Immerhin, dachte Kirygosa, kann er mich nicht zwingen, meine Augen zu öffnen.


Thrall konnte förmlich spüren, wie das Gefühl der Niederlage durch den blauen Drachenschwarm lief. Er fühlte es mit ihnen.

Es war ein Drache, aber ein Drache, der aus dem schlimmsten Albtraum der Verlassenen hervorgegangen schien. Er hatte fünf Köpfe, jeder von einer anderen Farbe. Das Monster bewegte sich ruckartig und war halb verrottet, als würde die Geißel zum Angriff blasen. Doch dieses Ding lebte, es war nicht untot. Jeder der Köpfe griff mit solcher Gewalt an, dass ein ganzer Schwarm, der den Sieg praktisch schon in Händen gehalten hatte, in Panik verfiel.

„Was ist das?“, rief er Kalec zu.

Der Aspekt antwortete nicht sofort.
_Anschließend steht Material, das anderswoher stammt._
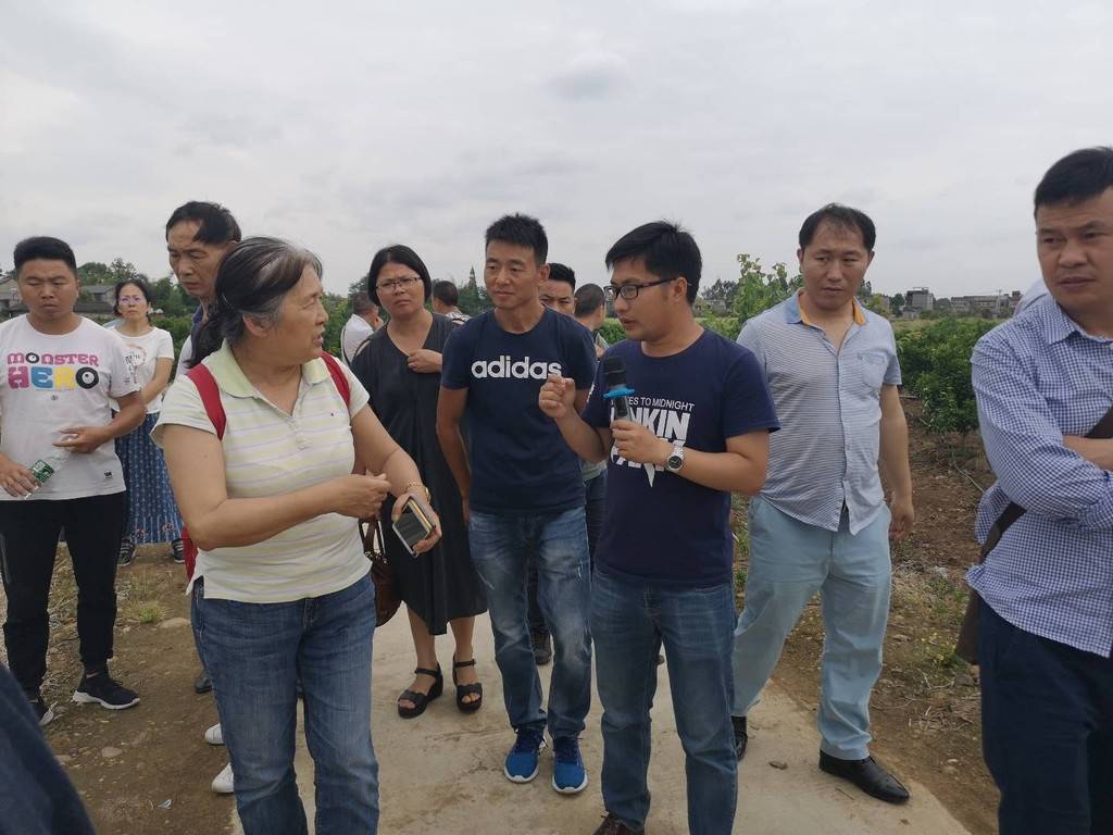 刘沈厅(右三)正在为前来考察的客人介绍农场发展情况

Er war zu beschäftigt, ein paar Angriffe abzuwehren. Dann schrie er zurück: „Ein chromatischer Drache!“

Thrall erinnerte sich, was Desharin ihm über diese Kreaturen berichtet hatte. Es waren Flickwerk-Monster, deren Teile aus allen fünf Schwärmen stammten. Desharin hatte gesagt, sie alle wären tot.

Dieses hier war jedoch offensichtlich sehr lebendig.
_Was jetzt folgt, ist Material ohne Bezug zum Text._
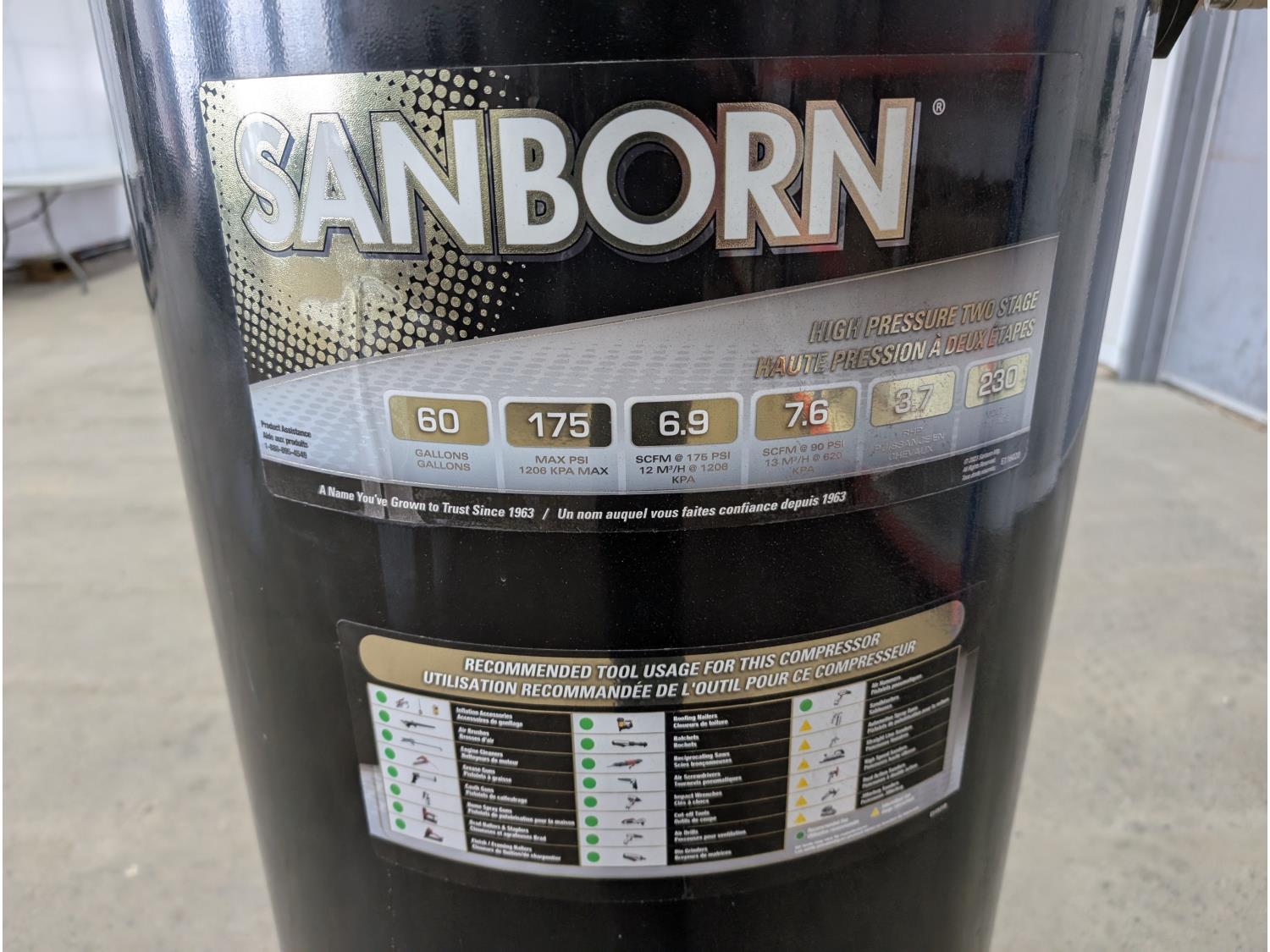 1158 Sanborn 60 Gallon High Pressure Two Stage Air Compressor

Thrall starrte eine Sekunde das Biest an, versuchte herauszufinden, was es war und was es dem blauen Drachenschwarm und selbst Kalecgos, dem neuen Aspekt, antat. Es war nur ein Augenblick der Unachtsamkeit, des Schrecks – aber es war ein Augenblick zu lang.
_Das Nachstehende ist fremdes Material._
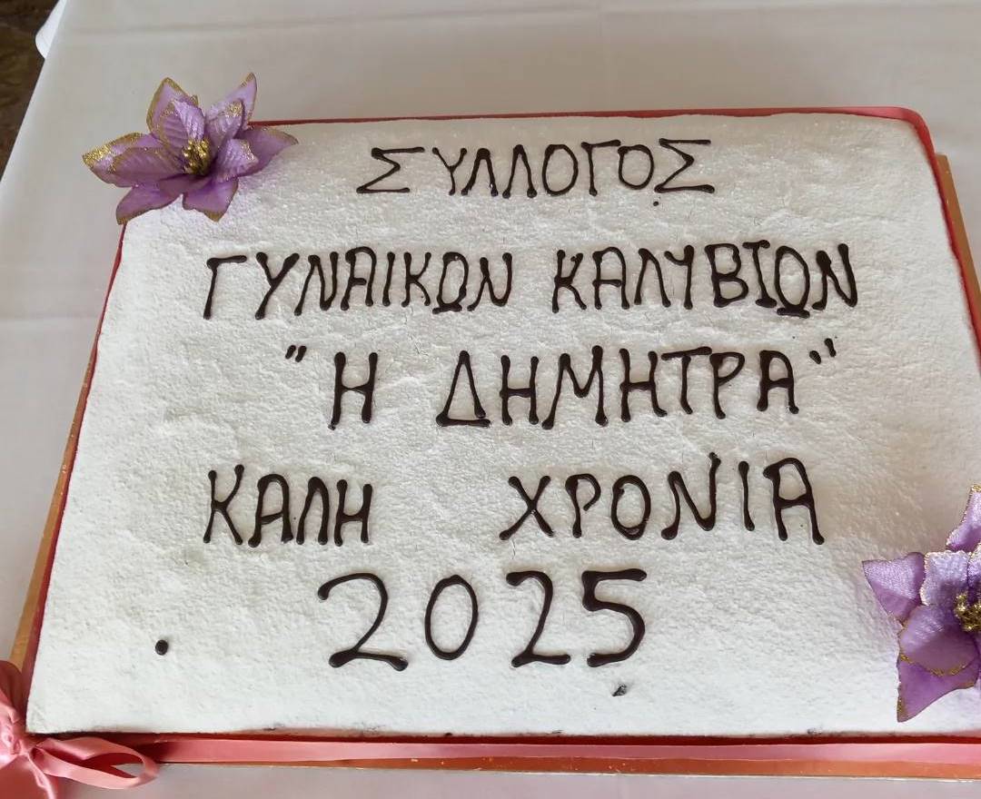 Ο Σύλλογος Γυναικών Καλυβίων «Δήμητρα» σε εορταστικό κλίμα έκοψε την βασιλόπιτα για τη νέα χρονιά, εκδήλωση που πραγματοποιήθηκε χθες Κυριακή 2 Φεβρουαρίου, στο κέντρο "Αρχονταρίκι" στην πλατεία του οικισμού Αγίου Γεωργίου Καλυβίων.

Das Ding griff sie an, die fünf Köpfe bereit. Der Gestank seines verrotteten Fleischs war fast übermächtig. Kalec warf sich aus dem Weg. Thrall klammerte sich mit all seiner Kraft fest. Er wähnte sich schon in Sicherheit, als etwas gegen seinen Körper krachte. Irgendetwas schlug nach ihm, als wäre er nicht mehr als eine Fliege, die auf dem Rücken eines Wolfs ritt. Obwohl Kalecs kunstvolles Manöver ihn vor einem direkten Angriff des vielköpfigen chromatischen Drachen bewahrt hatte, erkannte er, dass selbst dieser fast beiläufige Schubser ausreichte, um ihn von Kalec herunterzuschlagen.

Das ist also schließlich der Tod, dachte er, als er vom Rücken des Aspekts stürzte und auf die rauen Felsen zu krachen drohte.

Er schloss die Augen, drückte den Schicksalshammer an sein Herz und war froh, mit einer Waffe in der Hand zu sterben. Er fragte sich, ob er den Aufprall wohl spürte, bei dem sein Rückgrat zerschmettert oder sein Schädel zertrümmert würde.